Material to process Block Start
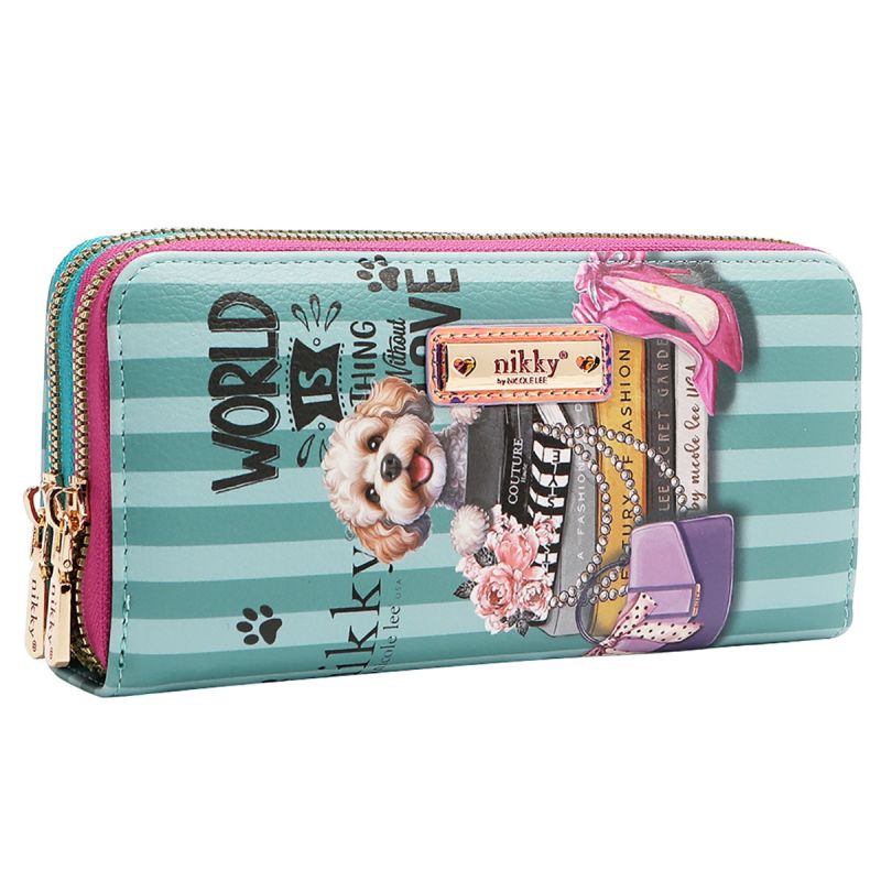 Изработени от висококачествена гладка еко-кожа. Две основни отделения с ципове с Nikky в златист оттенък с лого ципове. Златиста табелка с логото на Nikky отпред. Просторен интериор, 4 слота за карти, 4 слота за пари с централен разделител с цип. Подплатена с плат с характерен за Nikky с принт сърце и еко-кожа. RFID (Радиочестотна идентичност) БЛОКИРАЩ ПОРТФЕЙЛ. Борбата срещу кражбата на самоличност започва с портфейла ви. Портфейлът Nicole Lee е произведен с RFID-блокираща технология, която предотвратява проникването на сигнали от четящото устройство в портфейла ви, като същевременно поддържа съдържанието ви защитено. Размер: 19x9.5x4.5 cm
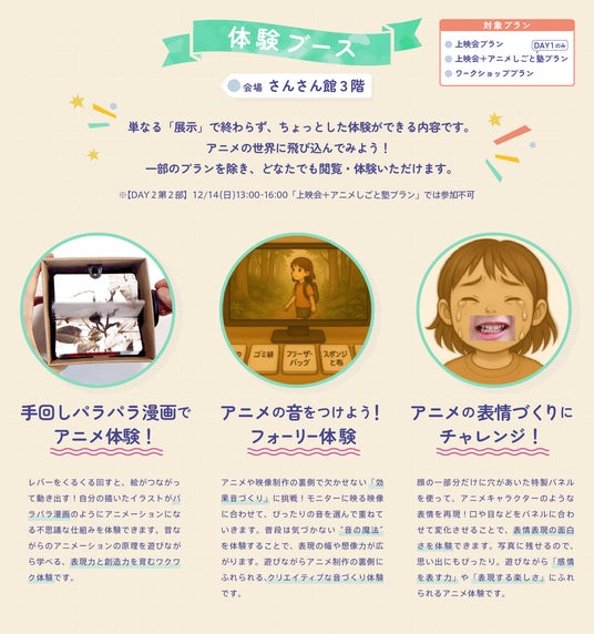 その他、誰でも気軽に参加できる体験ブースを展開。「手回しパラパラ漫画でアニメ体験!」「フォーリー体験」「アニメの表情づくりにチャレンジ!」など、アニメの"音"や"動き"を体感しながら学べます。
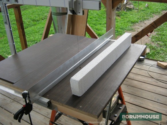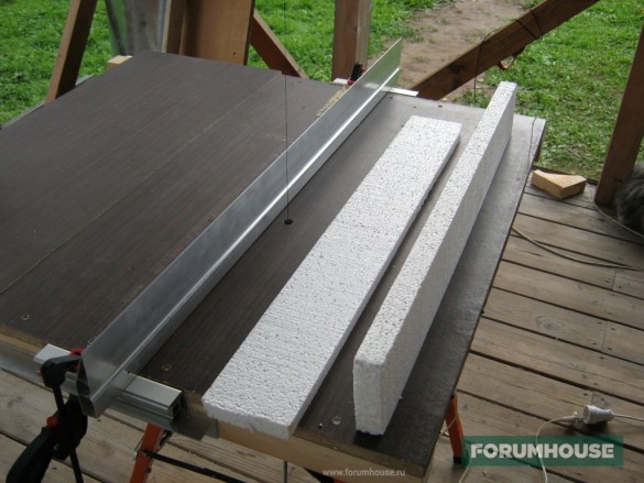 На фасадах мы работает с мобильными «козами». С ними легко перемещаться по лесам на высоте. Можно резать пенопласт прямо по месту. Роспуск листа то толщине ведём по двум профилям. Профиля крепятся к ППС с помощью гвоздей. Как работать с приспособой наглядно видно на видео ниже.
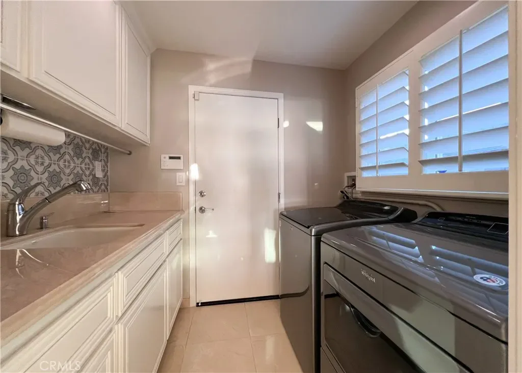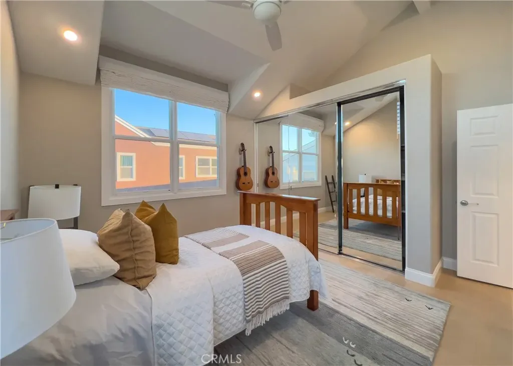 Two additional guest bedrooms offer vaulted ceilings and hardwood flooring, with one currently configured as a home office with custom built-ins. Additional features include a security system, motorized awnings, custom window treatments, outdoor beach shower, whole-house water system, landscaped patios, and an epoxy-finished two-car garage.
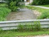 This is what is worrying me. The creek is nearly bank full and the soil is saturated. Radar shows that the developing storm is going to "freight train" over us like the one earlier in the day. This is the bridge about 400' upstream from our patch. I'm sure our neighbors are glad they got the creek bank riprapped last fall. The flood last June nearly took out their driveway.
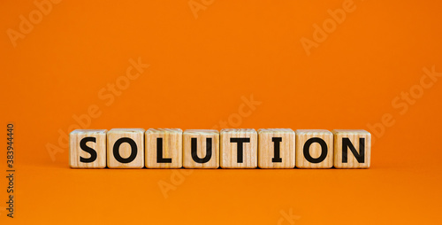 Concept word 'solution' on cubes on a beautiful orange background. Business concept. Copy space.
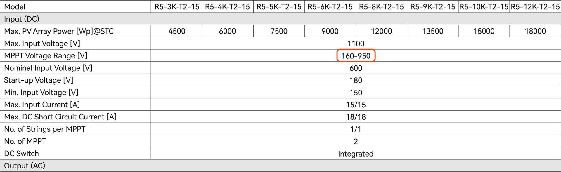 Az MPPT tartomány ezeknél az invertereknél 160V és 950V között van. Kisebb feszültség esetén nem indul el az inverter, nagyobb feszültségnél a szervizesek szerint "elpukkan" magyarán tönkremegy. Egyik eset sem jó!
Material to process Block End
What you will do.
Since the pictures are not wanted, write out the rest of the data exactly as it reads.

Task result.
 Изработени от висококачествена гладка еко-кожа. Две основни отделения с ципове с Nikky в златист оттенък с лого ципове. Златиста табелка с логото на Nikky отпред. Просторен интериор, 4 слота за карти, 4 слота за пари с централен разделител с цип. Подплатена с плат с характерен за Nikky с принт сърце и еко-кожа. RFID (Радиочестотна идентичност) БЛОКИРАЩ ПОРТФЕЙЛ. Борбата срещу кражбата на самоличност започва с портфейла ви. Портфейлът Nicole Lee е произведен с RFID-блокираща технология, която предотвратява проникването на сигнали от четящото устройство в портфейла ви, като същевременно поддържа съдържанието ви защитено. Размер: 19x9.5x4.5 cm
 その他、誰でも気軽に参加できる体験ブースを展開。「手回しパラパラ漫画でアニメ体験!」「フォーリー体験」「アニメの表情づくりにチャレンジ!」など、アニメの"音"や"動き"を体感しながら学べます。
 На фасадах мы работает с мобильными «козами». С ними легко перемещаться по лесам на высоте. Можно резать пенопласт прямо по месту. Роспуск листа то толщине ведём по двум профилям. Профиля крепятся к ППС с помощью гвоздей. Как работать с приспособой наглядно видно на видео ниже.
 Two additional guest bedrooms offer vaulted ceilings and hardwood flooring, with one currently configured as a home office with custom built-ins. Additional features include a security system, motorized awnings, custom window treatments, outdoor beach shower, whole-house water system, landscaped patios, and an epoxy-finished two-car garage.
 This is what is worrying me. The creek is nearly bank full and the soil is saturated. Radar shows that the developing storm is going to "freight train" over us like the one earlier in the day. This is the bridge about 400' upstream from our patch. I'm sure our neighbors are glad they got the creek bank riprapped last fall. The flood last June nearly took out their driveway.
 Concept word 'solution' on cubes on a beautiful orange background. Business concept. Copy space.
 Az MPPT tartomány ezeknél az invertereknél 160V és 950V között van. Kisebb feszültség esetén nem indul el az inverter, nagyobb feszültségnél a szervizesek szerint "elpukkan" magyarán tönkremegy. Egyik eset sem jó!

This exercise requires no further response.